Problem requirements:
When you reach the line below that has "Sunset Viewpoints in", start returning lines exactly, and stop after the line that has "3. To change"; skip the pictures.

Material for the task:
────────────────────────────────────────

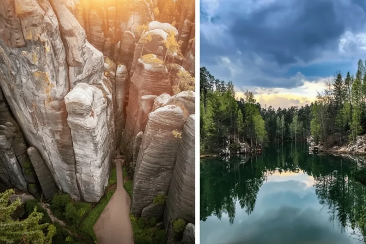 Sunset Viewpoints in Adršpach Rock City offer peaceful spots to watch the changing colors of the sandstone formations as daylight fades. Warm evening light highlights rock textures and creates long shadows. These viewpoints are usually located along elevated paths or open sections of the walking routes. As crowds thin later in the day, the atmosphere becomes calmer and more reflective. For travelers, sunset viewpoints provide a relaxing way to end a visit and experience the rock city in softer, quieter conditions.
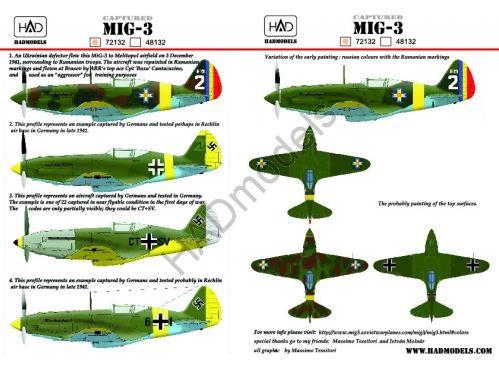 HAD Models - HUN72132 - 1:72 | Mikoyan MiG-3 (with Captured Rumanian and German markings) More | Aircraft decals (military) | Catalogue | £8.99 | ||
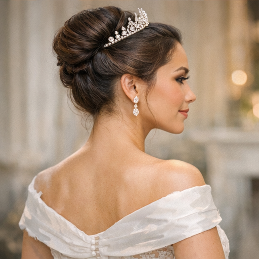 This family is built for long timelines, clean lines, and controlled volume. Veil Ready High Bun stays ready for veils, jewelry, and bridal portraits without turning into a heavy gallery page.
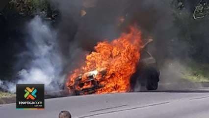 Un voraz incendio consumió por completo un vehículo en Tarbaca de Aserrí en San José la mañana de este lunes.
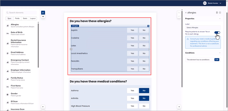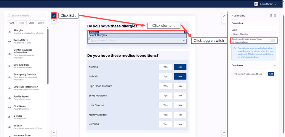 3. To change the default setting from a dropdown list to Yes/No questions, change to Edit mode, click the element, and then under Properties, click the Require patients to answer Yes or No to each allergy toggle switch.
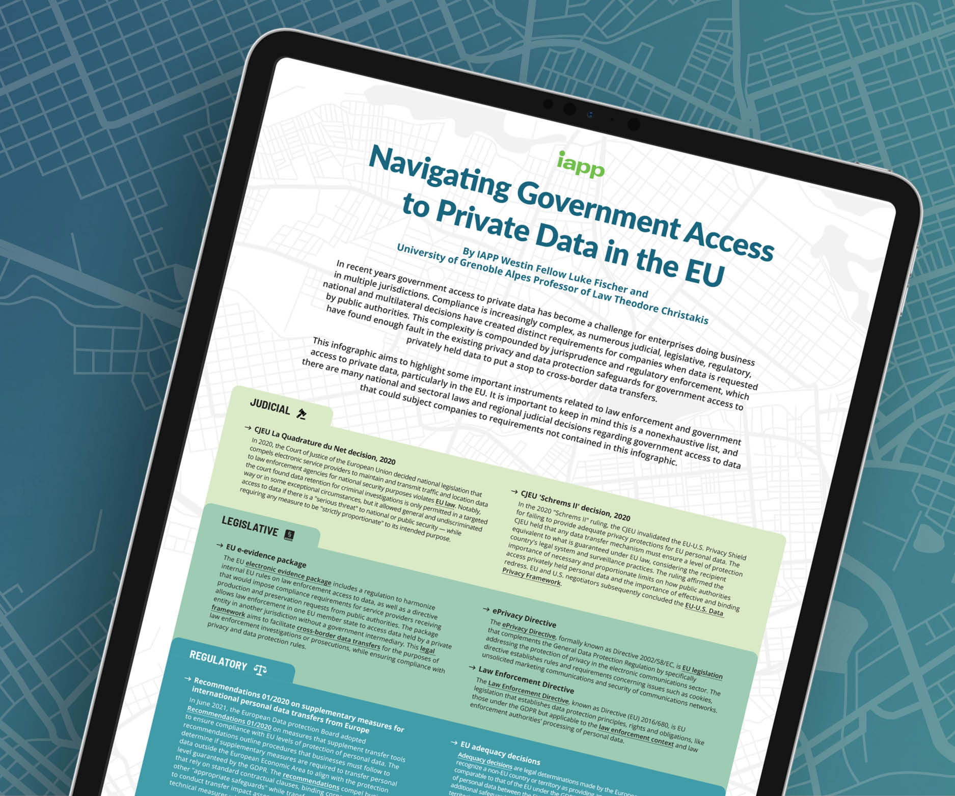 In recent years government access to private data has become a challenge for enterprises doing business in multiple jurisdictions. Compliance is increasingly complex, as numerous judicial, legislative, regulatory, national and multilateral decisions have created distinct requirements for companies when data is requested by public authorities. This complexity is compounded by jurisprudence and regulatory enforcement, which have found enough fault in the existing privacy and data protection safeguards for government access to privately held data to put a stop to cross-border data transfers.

────────────────────────────────────────

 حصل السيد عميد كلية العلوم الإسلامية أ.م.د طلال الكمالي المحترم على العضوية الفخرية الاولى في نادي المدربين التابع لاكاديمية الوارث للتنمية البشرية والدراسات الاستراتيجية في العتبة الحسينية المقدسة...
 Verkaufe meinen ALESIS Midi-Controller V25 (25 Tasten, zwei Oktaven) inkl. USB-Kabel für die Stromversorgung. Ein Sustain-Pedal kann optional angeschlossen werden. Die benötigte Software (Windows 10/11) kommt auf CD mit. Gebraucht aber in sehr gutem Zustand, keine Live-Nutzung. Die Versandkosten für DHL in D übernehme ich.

────────────────────────────────────────

Your solution:
 Sunset Viewpoints in Adršpach Rock City offer peaceful spots to watch the changing colors of the sandstone formations as daylight fades. Warm evening light highlights rock textures and creates long shadows. These viewpoints are usually located along elevated paths or open sections of the walking routes. As crowds thin later in the day, the atmosphere becomes calmer and more reflective. For travelers, sunset viewpoints provide a relaxing way to end a visit and experience the rock city in softer, quieter conditions.
 HAD Models - HUN72132 - 1:72 | Mikoyan MiG-3 (with Captured Rumanian and German markings) More | Aircraft decals (military) | Catalogue | £8.99 | ||
 This family is built for long timelines, clean lines, and controlled volume. Veil Ready High Bun stays ready for veils, jewelry, and bridal portraits without turning into a heavy gallery page.
 Un voraz incendio consumió por completo un vehículo en Tarbaca de Aserrí en San José la mañana de este lunes.
 3. To change the default setting from a dropdown list to Yes/No questions, change to Edit mode, click the element, and then under Properties, click the Require patients to answer Yes or No to each allergy toggle switch.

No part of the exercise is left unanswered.